A história registra que os oprimidos se revoltam de várias formas. Por meio da violência com idéias revolucionárias, por meios de gritos em passeatas, por comportamentos sociais que demonstram angústia e sofrimentos, por meio de boicotes à economia e ações estatais e pelo voto. Assim, como aconteceu com as eleições, que Lula e Obama participaram. São as ações dos “oprimidos” (excluíram Marta e os republicanos, respectivamente). Torço de verdade para que os povos do planeta, principalmente da América Latina e, ainda mais, no Brasil mostrem os seus descontentamentos através dos votos.

Não era uma plataforma de propaganda de Obama a questão racial que é tão marcante nos EUA (no Brasil é pior, pois é sutil e covarde). Lá, pelo menos declaram o seu pensamento. No Brasil é normal a negação covarde de discriminação contra negros, nordestinos e pessoas pobres. Espero que nenhum hipócrita venha discordar dessa afirmação, pois desafiarei para provar. Obama poderia ter usado esta plataforma sim, mas não o fez por que sabia que perderia as eleições como candidatos anteriores ou seria morto como Martin Luther King:
“... pastor norte-americano, Prêmio Nobel, um dos principais líderes do movimento americano pelos direitos civis e defensores da resistência não violenta contra a opressão racial. Foi escolhido líder do movimento a favor dos direitos civis das minorias após organizar o famoso boicote ao transporte público em Montgomery (Alabama), em 1955.

____Lutou por um tratamento igualitário e contribuiu para a melhoria da situação da comunidade negra, mediante protestos pacíficos e discursos enérgicos sobre a necessidade do fim da desigualdade racial. Em 1963, dirigiu uma marcha pacífica do monumento a Washington até o Lincoln Memorial, onde pronunciou seu discurso mais famoso: "Eu Tenho um Sonho". (http://www.portalafro.com.br).

Assim, como os nordestinos, pobres e desempregados no Brasil, os pobres e os negros nos EUA levantaram bandeiras sim (nem se preocuparam se era ou não plataforma de Obama).

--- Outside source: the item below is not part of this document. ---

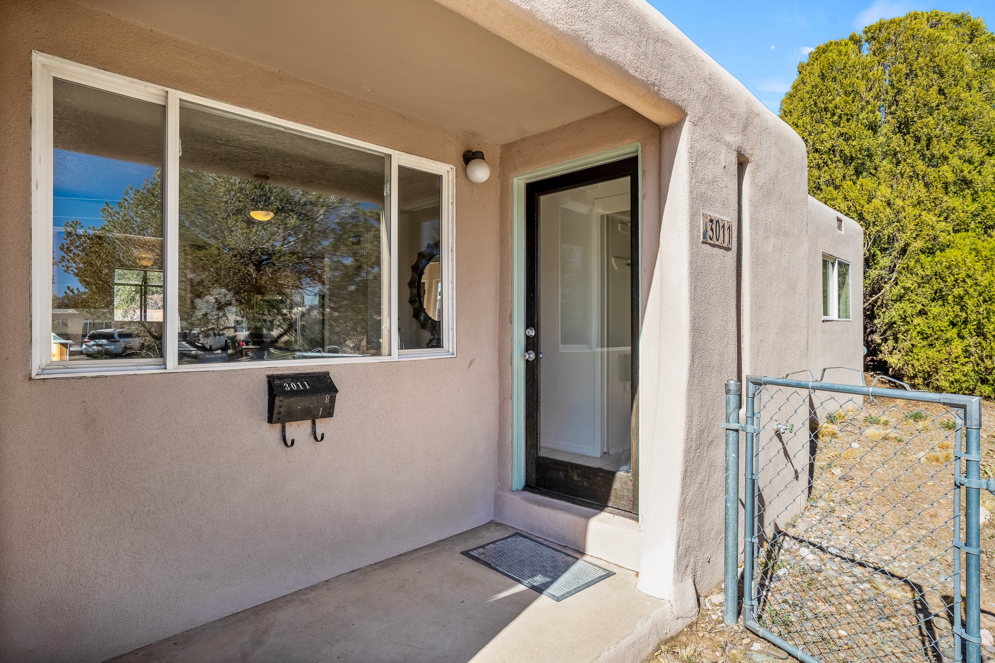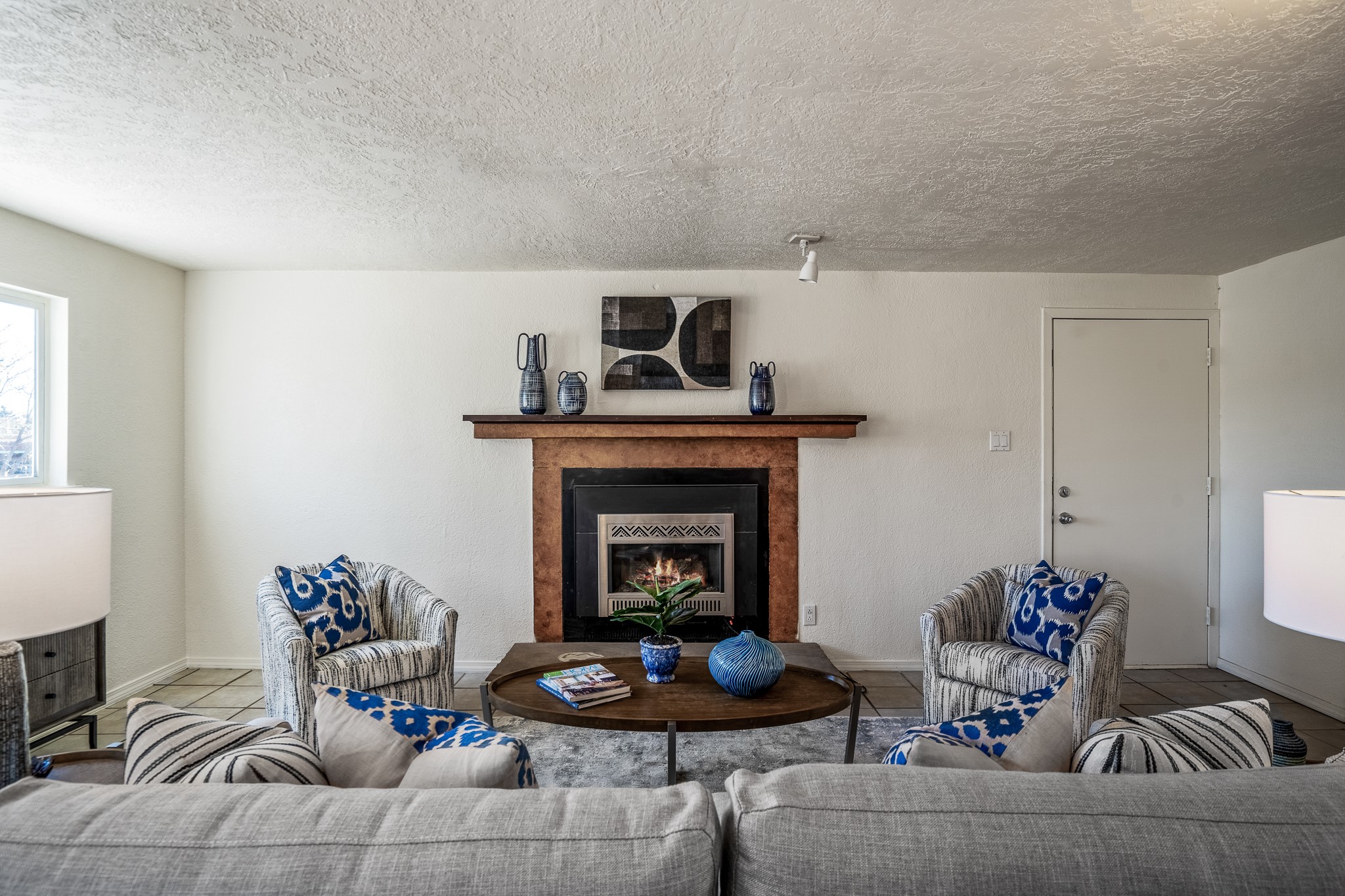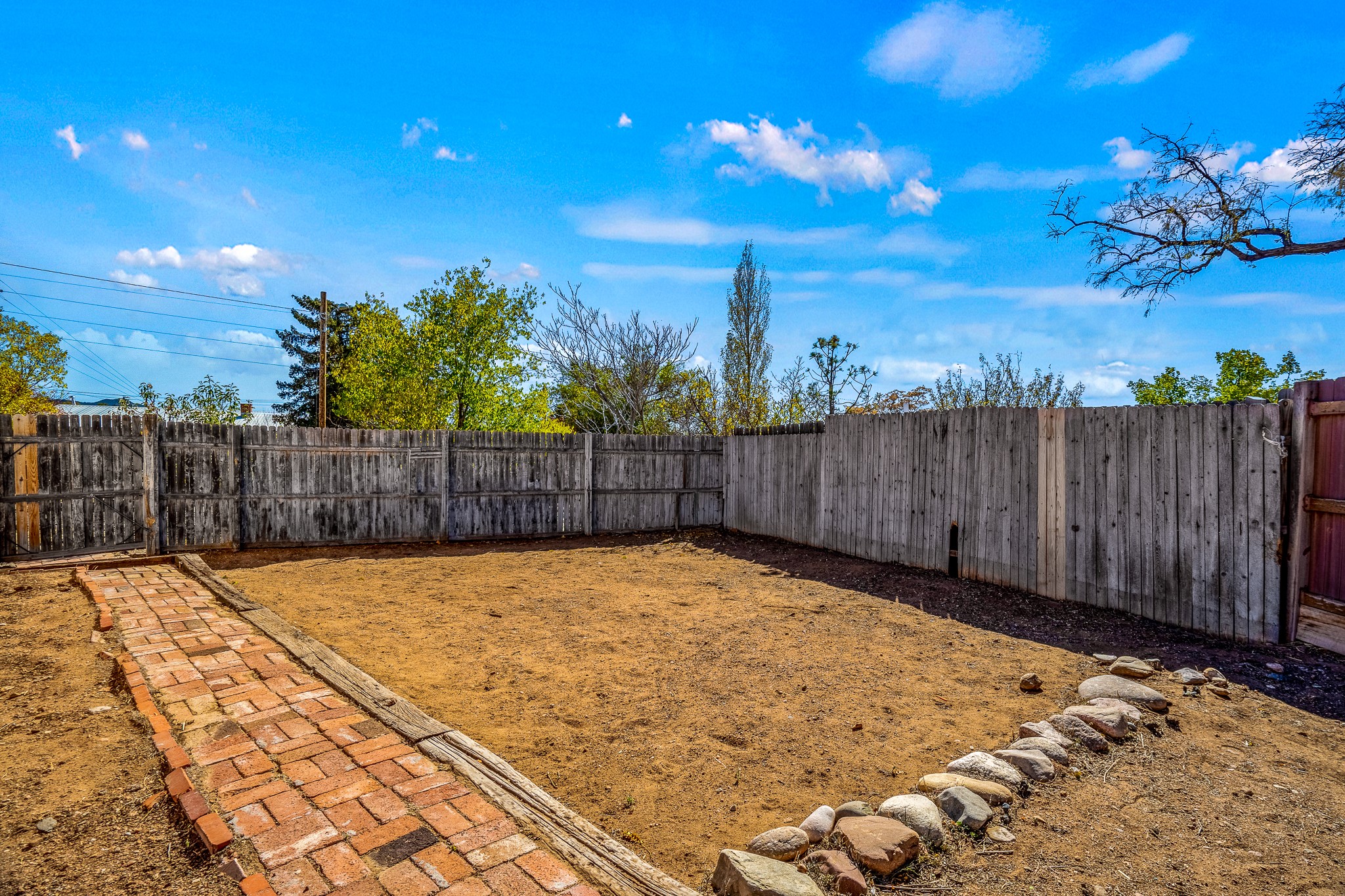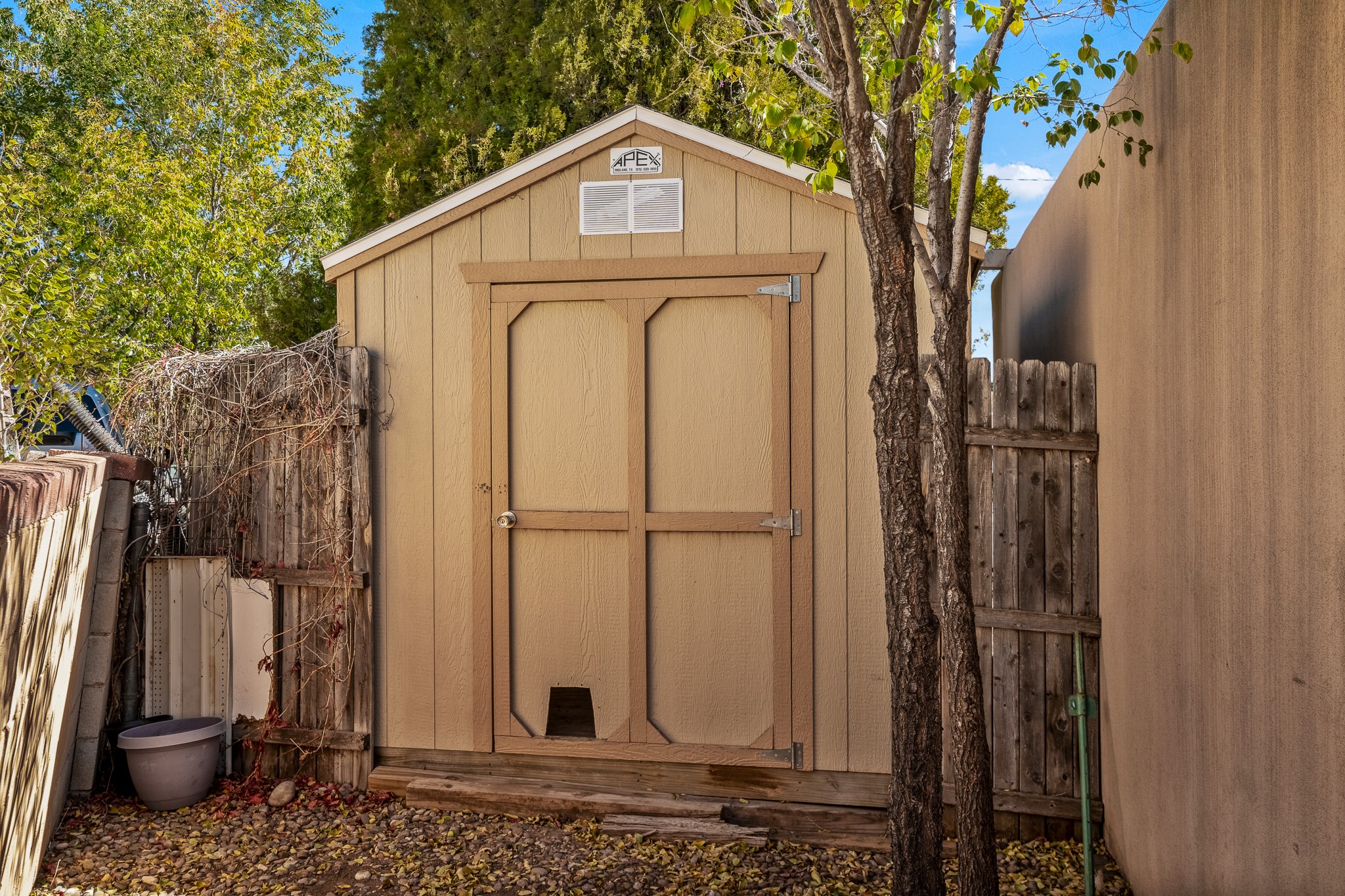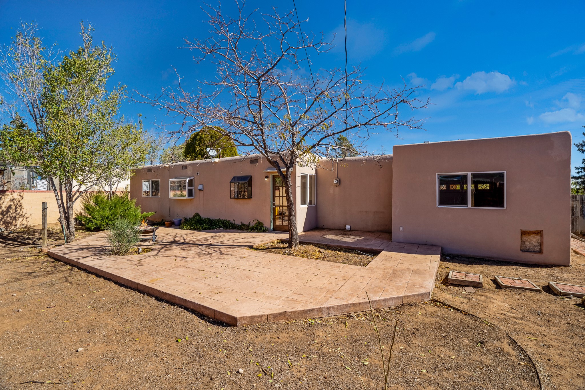Open concept living/dining/kitchen welcomes you in to this well located 3 bedroom home. Tile floors throughout main areas and into bathroom. Stainless steel appliance package in kitchen is all 5 years old: includes refrigerator, dishwasher, electric oven, microwave, hot water heater- the garbage disposal has also been recently replaced. Lovely manufactured wood flooring has been added in the 3 bedrooms. Kitchen and bathroom have small bay windows above the sink in kitchen and tub in bath, which create extra light and lovely places for plants or decorations. Gas fireplace in living room. Single car attached garage makes for a great place for storage or another potential space if buyer wants to put in heating. The yard is very large - since the lot is on a curve of Siringo Rondo the size is .187 acres, or 8146 sq ft - much larger than the minimum lot size. Ample rear yard has lovely stamped concrete patio area with trees for shade and lots of room to plant. Western side yard is also deep and could easily be area for vegetable garden. When outdoors do not miss the shed that is out to the east side of the home - it is a great place to keep outdoor tools so they stay dry and out of the elements. Front yard has a lovely iris patch and another fenced in area that could work well for dogs . Home warranty provided by seller. Owner is New Mexico real estate broker.

Eram “os oprimidos” se revoltando. Espero que Obama realmente mude a política do desespero e crueldade para com o povo. Mudanças concretas e substanciais, inclusive em relação à política externa. Respeito às cidadanias ultra-nacionais. Espero que Obama não pratique uma política e uma administração igual ao Lula que adotou o sistema de governo liberal dos tucanos (PSDB) no Brasil. Não quero dizer que sou contra os neoliberais. Mas, acho que o Lula poderia ter um desempenho de governo mais exclusivo. De qualquer forma, foi até melhor, pois poderia trilhar caminhos duvidosos como o do seu amigo da Venezuela.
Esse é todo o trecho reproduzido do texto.